- The problem
Transcribe only the lines in the data below falling between the line with "I decided it" and the line with "Craquez pour l’allure", including those two lines, and leave out any picture.

BEGIN Data supplied

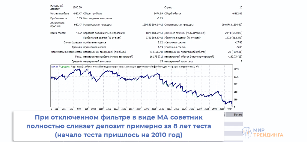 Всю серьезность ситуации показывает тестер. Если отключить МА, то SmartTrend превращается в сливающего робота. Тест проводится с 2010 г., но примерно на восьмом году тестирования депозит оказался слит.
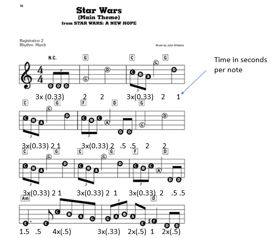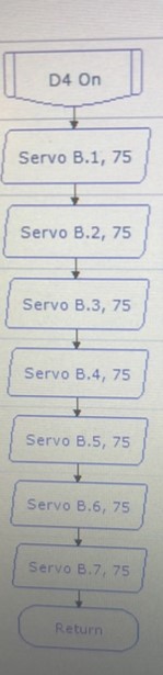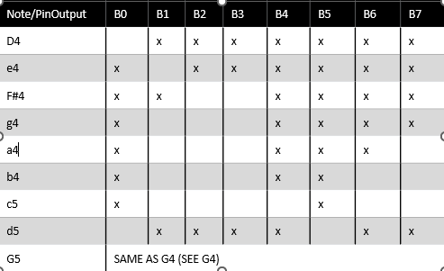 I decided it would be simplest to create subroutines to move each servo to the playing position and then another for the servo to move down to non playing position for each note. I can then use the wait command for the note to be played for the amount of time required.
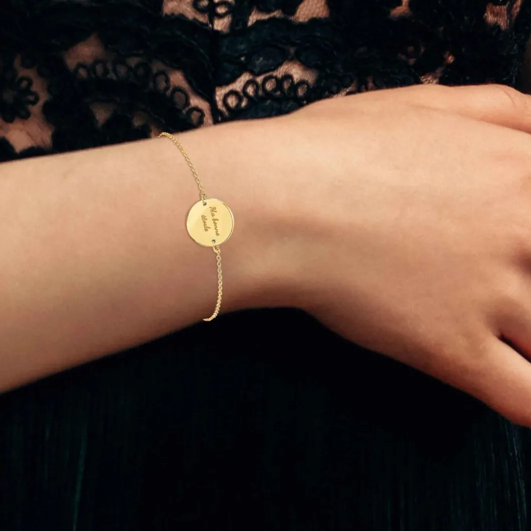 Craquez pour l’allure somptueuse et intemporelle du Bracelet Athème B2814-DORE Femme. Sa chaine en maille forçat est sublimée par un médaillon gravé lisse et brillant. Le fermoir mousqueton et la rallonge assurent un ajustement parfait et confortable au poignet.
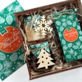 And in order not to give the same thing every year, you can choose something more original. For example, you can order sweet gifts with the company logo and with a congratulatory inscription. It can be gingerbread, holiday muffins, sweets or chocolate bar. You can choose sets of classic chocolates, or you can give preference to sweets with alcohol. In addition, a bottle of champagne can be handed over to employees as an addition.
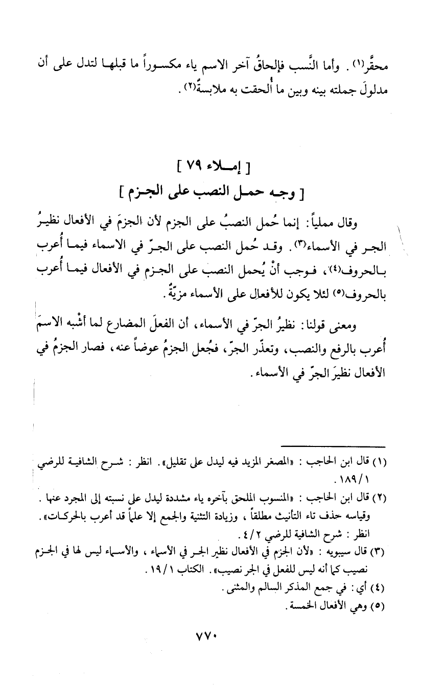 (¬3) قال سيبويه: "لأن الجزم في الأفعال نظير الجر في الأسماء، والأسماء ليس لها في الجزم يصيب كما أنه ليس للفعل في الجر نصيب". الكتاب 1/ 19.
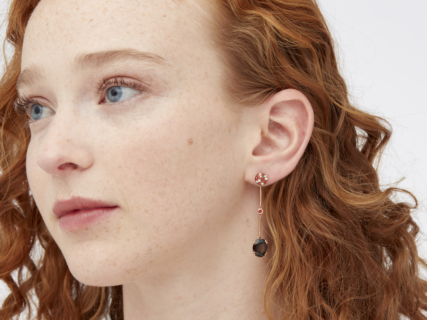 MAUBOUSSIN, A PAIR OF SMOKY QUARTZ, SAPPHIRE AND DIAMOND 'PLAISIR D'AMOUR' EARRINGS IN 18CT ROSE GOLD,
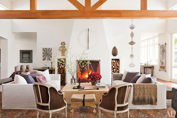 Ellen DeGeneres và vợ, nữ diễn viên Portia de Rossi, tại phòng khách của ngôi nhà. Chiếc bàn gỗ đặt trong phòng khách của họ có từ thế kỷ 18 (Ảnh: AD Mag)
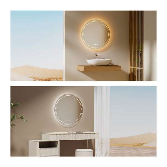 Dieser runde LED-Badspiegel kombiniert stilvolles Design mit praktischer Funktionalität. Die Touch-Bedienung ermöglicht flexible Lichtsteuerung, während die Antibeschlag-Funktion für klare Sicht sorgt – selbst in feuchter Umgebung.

END Data supplied

- Written answer
 I decided it would be simplest to create subroutines to move each servo to the playing position and then another for the servo to move down to non playing position for each note. I can then use the wait command for the note to be played for the amount of time required.
 Craquez pour l’allure somptueuse et intemporelle du Bracelet Athème B2814-DORE Femme. Sa chaine en maille forçat est sublimée par un médaillon gravé lisse et brillant. Le fermoir mousqueton et la rallonge assurent un ajustement parfait et confortable au poignet.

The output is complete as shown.